§ **TRY IT**: Using the data below, restate exactly every line from the one with "[프레스뉴스] 장현준 기자= 안양시노동인권센터(센터장" up to and including the one with "This method of". No picture belongs in it.

[Stored records]

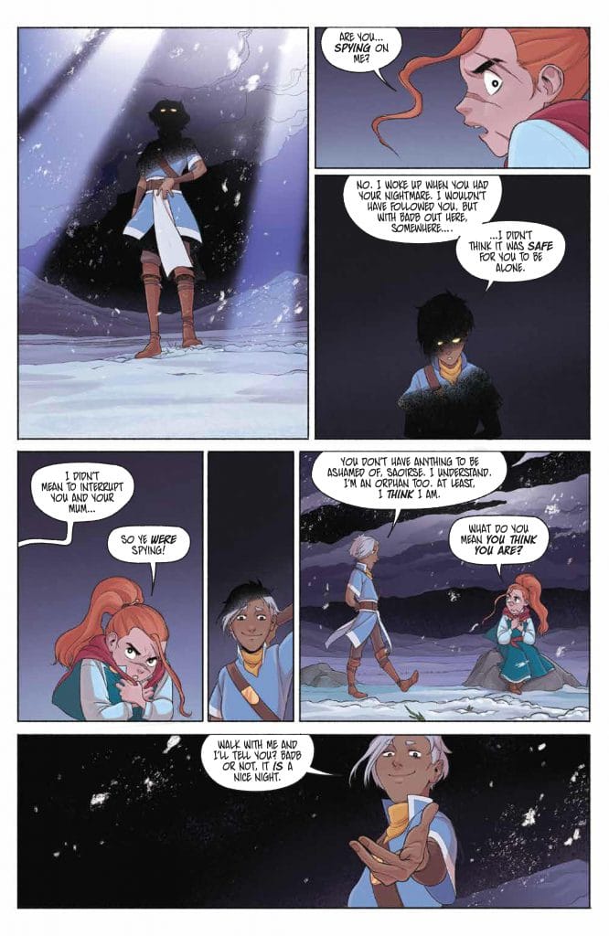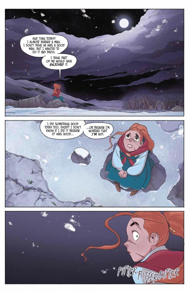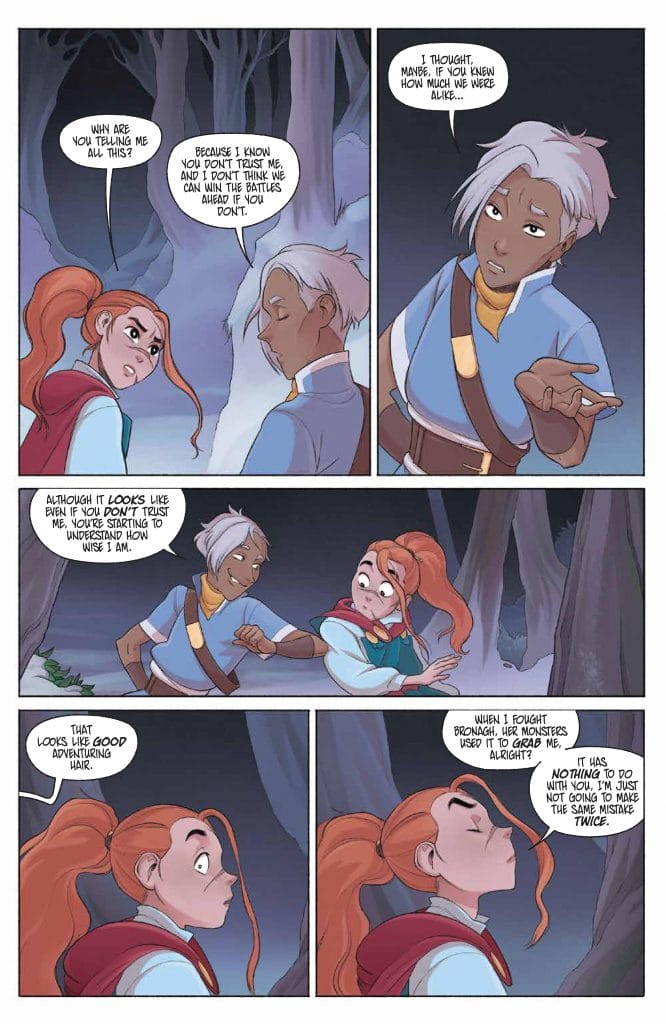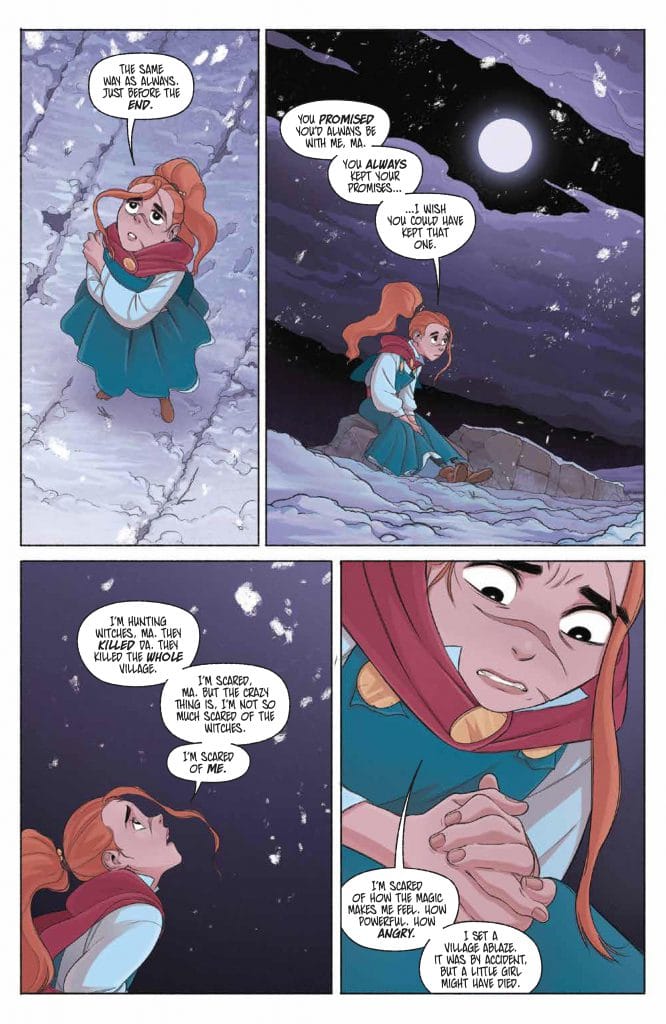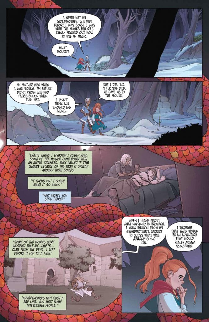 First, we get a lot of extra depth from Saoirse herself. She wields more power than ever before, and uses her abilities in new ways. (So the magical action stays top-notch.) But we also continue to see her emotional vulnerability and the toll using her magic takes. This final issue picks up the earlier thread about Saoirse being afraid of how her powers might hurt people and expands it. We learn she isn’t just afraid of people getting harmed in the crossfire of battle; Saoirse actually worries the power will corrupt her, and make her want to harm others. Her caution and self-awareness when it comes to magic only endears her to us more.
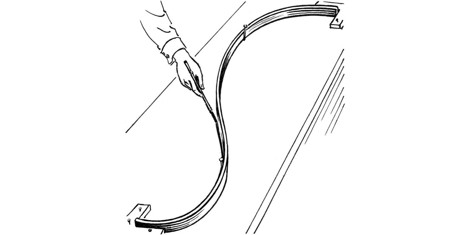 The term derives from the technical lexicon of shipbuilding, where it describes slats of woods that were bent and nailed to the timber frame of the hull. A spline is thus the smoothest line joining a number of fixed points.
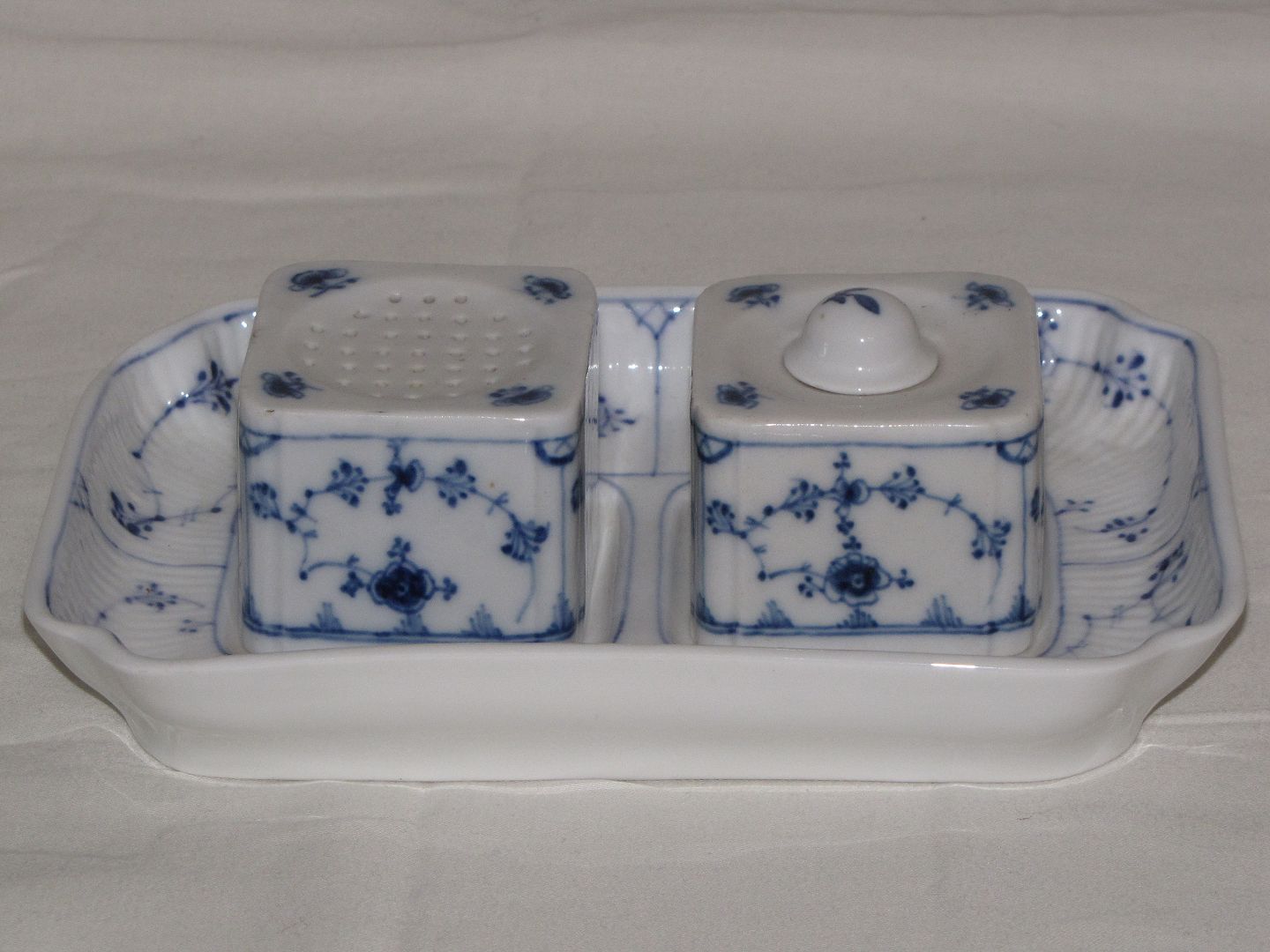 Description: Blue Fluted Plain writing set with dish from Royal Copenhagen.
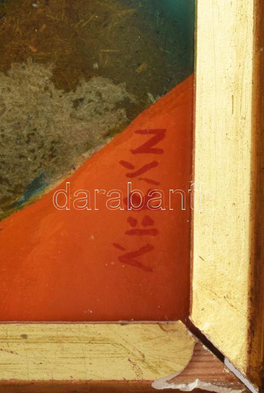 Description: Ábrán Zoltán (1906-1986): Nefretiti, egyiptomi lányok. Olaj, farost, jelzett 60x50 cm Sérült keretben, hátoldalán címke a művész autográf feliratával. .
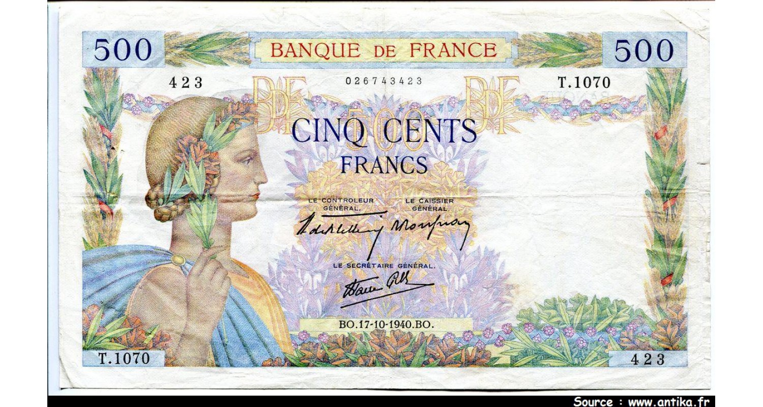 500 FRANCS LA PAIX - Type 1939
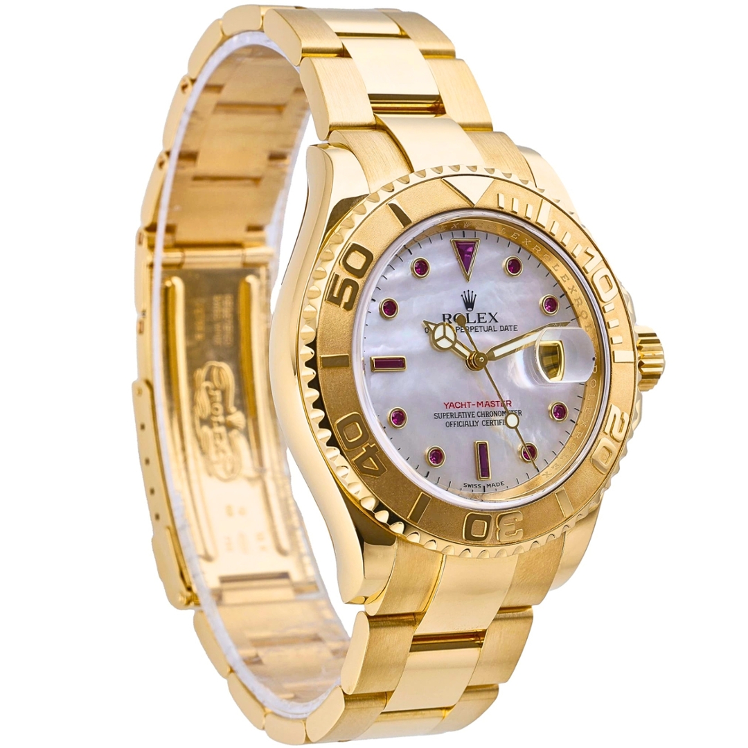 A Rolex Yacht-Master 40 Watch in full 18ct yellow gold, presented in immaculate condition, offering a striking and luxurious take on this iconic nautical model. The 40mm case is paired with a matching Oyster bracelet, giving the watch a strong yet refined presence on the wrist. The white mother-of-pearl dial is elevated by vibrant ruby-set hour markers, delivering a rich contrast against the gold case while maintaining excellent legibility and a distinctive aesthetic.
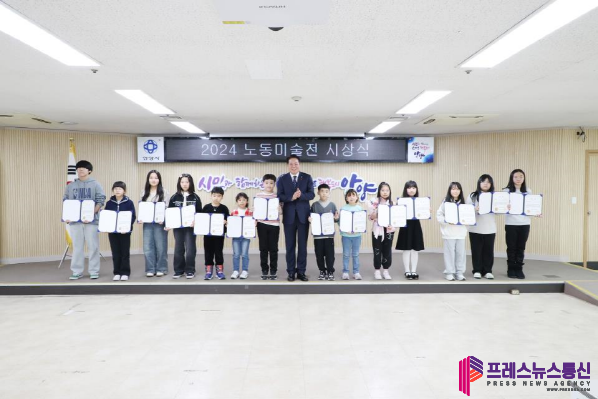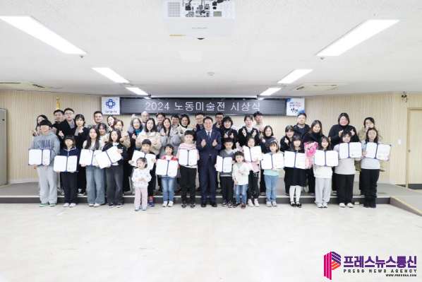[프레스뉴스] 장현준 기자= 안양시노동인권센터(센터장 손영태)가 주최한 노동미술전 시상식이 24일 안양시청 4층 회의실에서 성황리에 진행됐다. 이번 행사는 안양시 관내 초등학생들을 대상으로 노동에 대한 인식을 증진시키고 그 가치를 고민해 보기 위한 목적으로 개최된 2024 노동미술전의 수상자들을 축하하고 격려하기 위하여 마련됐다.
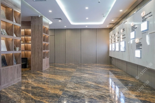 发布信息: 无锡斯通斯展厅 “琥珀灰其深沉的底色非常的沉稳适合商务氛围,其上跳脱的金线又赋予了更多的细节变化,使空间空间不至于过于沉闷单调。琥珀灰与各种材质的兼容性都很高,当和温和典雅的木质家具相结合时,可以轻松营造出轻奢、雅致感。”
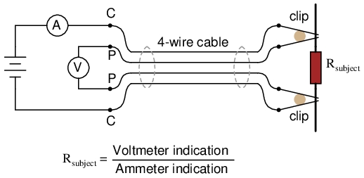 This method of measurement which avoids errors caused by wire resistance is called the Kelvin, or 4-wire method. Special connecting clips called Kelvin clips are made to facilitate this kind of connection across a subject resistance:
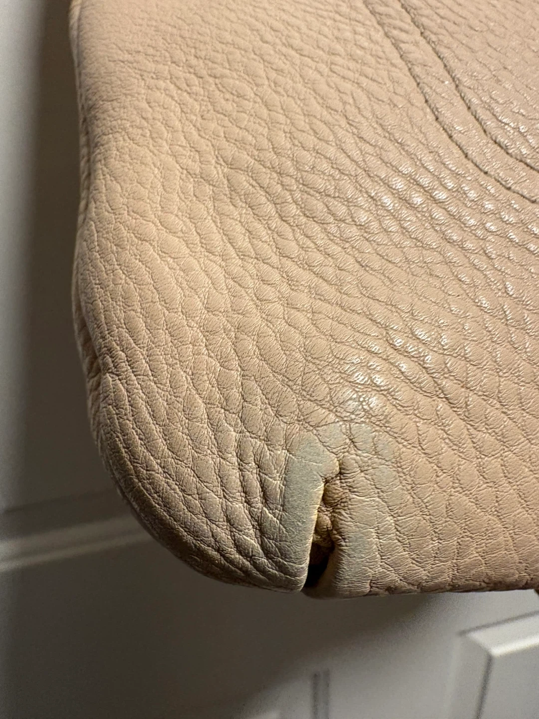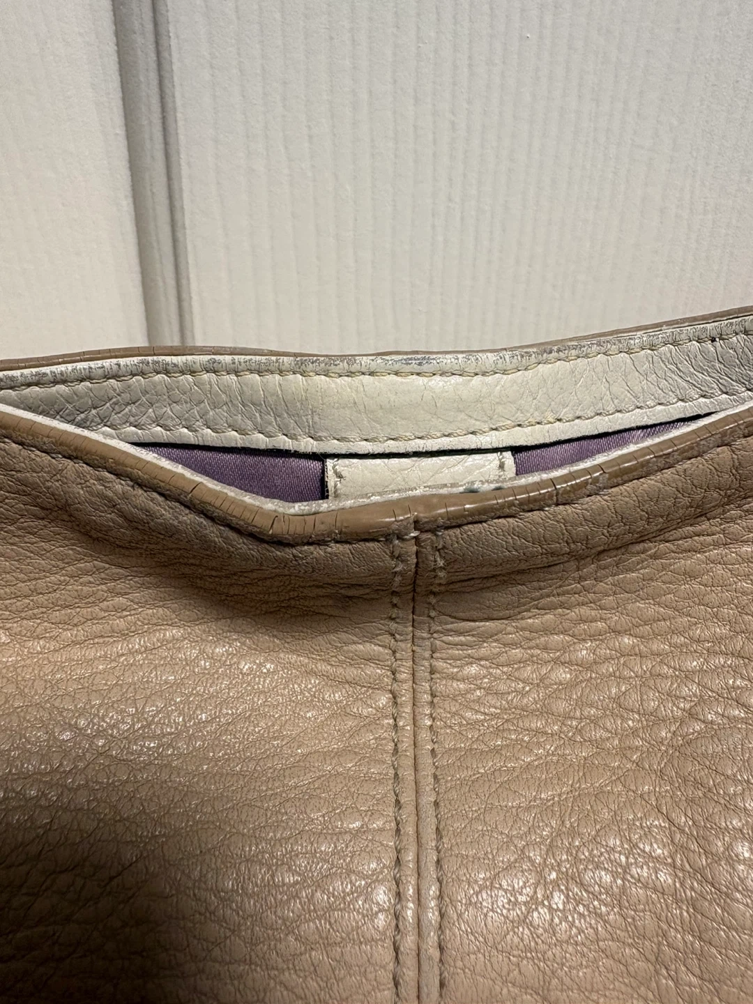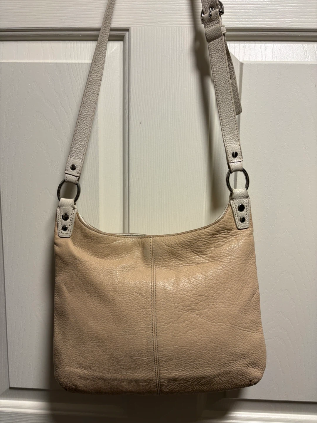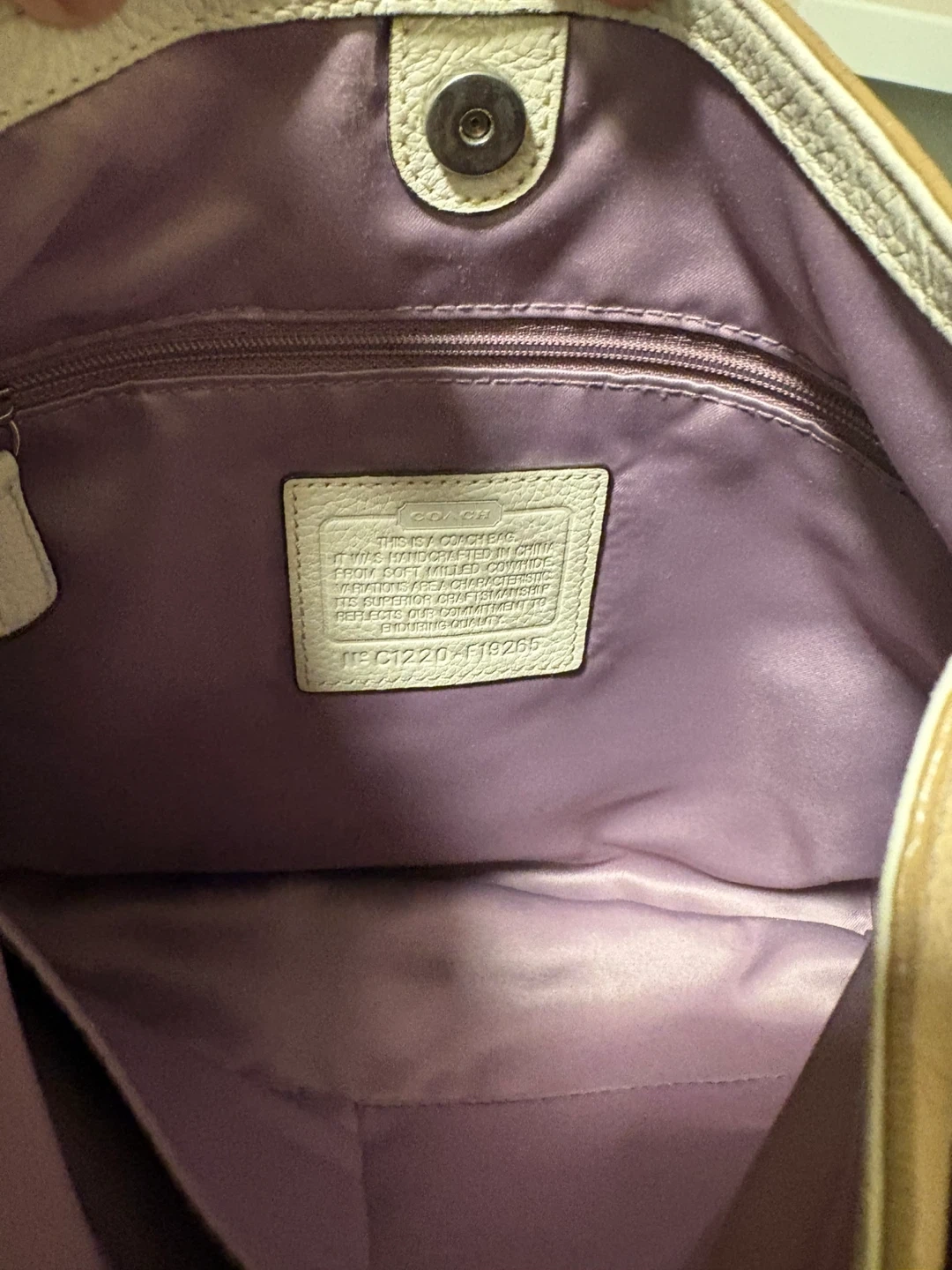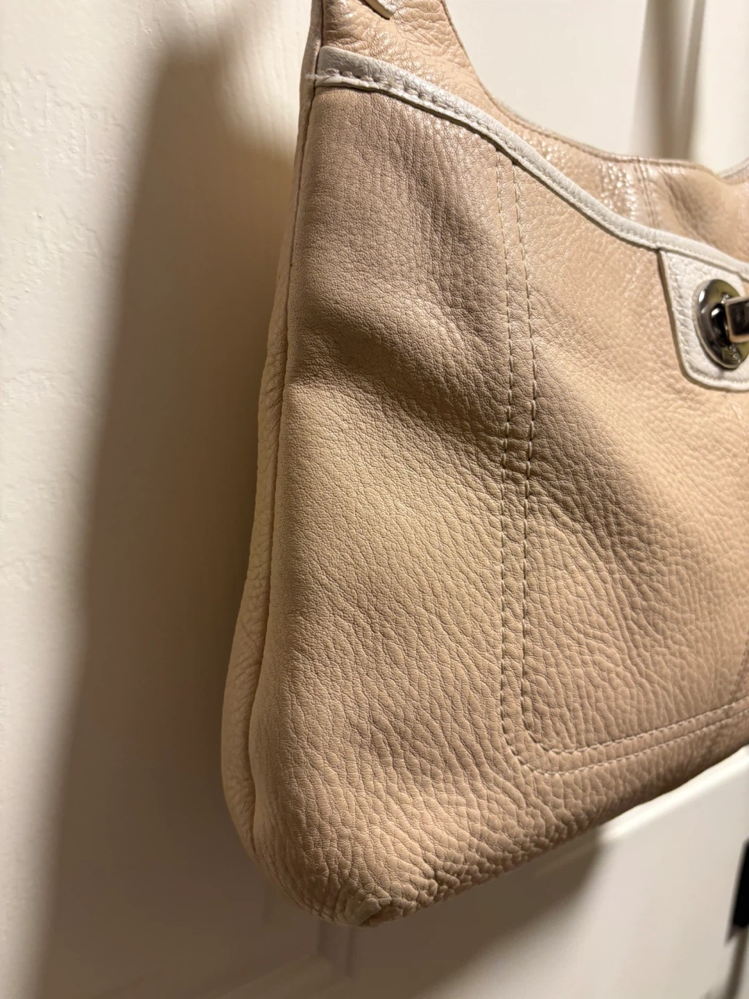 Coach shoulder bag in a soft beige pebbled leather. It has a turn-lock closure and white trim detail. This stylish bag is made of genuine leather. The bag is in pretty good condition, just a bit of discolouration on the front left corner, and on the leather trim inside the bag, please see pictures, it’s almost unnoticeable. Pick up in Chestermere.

§ **RESPONSE AREA**:
[프레스뉴스] 장현준 기자= 안양시노동인권센터(센터장 손영태)가 주최한 노동미술전 시상식이 24일 안양시청 4층 회의실에서 성황리에 진행됐다. 이번 행사는 안양시 관내 초등학생들을 대상으로 노동에 대한 인식을 증진시키고 그 가치를 고민해 보기 위한 목적으로 개최된 2024 노동미술전의 수상자들을 축하하고 격려하기 위하여 마련됐다.
 发布信息: 无锡斯通斯展厅 “琥珀灰其深沉的底色非常的沉稳适合商务氛围,其上跳脱的金线又赋予了更多的细节变化,使空间空间不至于过于沉闷单调。琥珀灰与各种材质的兼容性都很高,当和温和典雅的木质家具相结合时,可以轻松营造出轻奢、雅致感。”
 This method of measurement which avoids errors caused by wire resistance is called the Kelvin, or 4-wire method. Special connecting clips called Kelvin clips are made to facilitate this kind of connection across a subject resistance:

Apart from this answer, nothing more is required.